──────── PROVIDED MATERIAL ────────
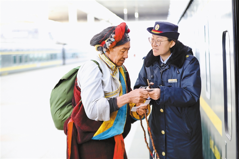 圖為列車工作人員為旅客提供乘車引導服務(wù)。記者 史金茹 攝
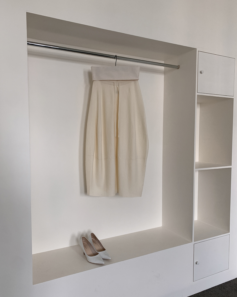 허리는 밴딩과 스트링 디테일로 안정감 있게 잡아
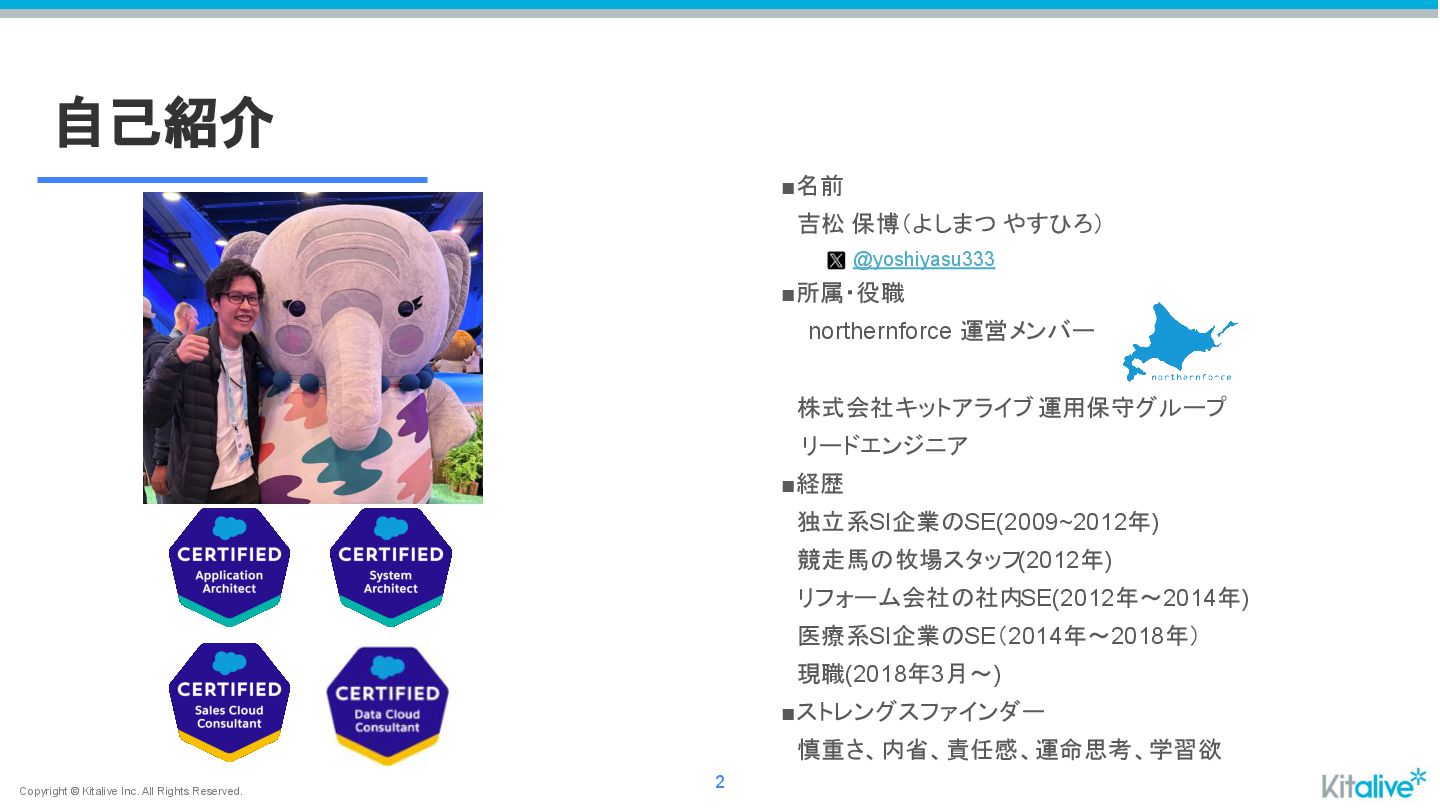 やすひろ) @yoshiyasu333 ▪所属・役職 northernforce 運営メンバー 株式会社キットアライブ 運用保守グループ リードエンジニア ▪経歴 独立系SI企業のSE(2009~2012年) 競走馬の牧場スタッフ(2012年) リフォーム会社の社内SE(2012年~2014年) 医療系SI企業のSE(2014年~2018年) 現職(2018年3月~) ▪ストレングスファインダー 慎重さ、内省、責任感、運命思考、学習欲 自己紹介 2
────────
──────── PROVIDED MATERIAL ────────
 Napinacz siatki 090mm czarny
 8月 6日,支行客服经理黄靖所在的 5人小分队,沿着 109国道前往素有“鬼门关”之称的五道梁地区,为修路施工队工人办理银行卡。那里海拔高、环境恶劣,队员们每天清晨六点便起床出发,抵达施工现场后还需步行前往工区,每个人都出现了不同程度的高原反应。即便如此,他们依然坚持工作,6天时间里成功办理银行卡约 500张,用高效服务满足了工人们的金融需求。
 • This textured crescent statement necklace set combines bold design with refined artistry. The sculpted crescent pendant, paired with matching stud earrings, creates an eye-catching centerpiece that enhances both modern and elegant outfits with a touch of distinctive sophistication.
────────
- **EXERCISE DETAILS**
Starting at the line above that holds "圖為列車工作人員為旅客提供乘車引導服務(wù)。記者 史金茹 攝", return each line up to and including the one that holds "やすひろ) @yoshiyasu333 ▪所属・役職", exactly as written, minus any pictures.

- **WRITTEN SOLUTION**
 圖為列車工作人員為旅客提供乘車引導服務(wù)。記者 史金茹 攝
 허리는 밴딩과 스트링 디테일로 안정감 있게 잡아
 やすひろ) @yoshiyasu333 ▪所属・役職 northernforce 運営メンバー 株式会社キットアライブ 運用保守グループ リードエンジニア ▪経歴 独立系SI企業のSE(2009~2012年) 競走馬の牧場スタッフ(2012年) リフォーム会社の社内SE(2012年~2014年) 医療系SI企業のSE(2014年~2018年) 現職(2018年3月~) ▪ストレングスファインダー 慎重さ、内省、責任感、運命思考、学習欲 自己紹介 2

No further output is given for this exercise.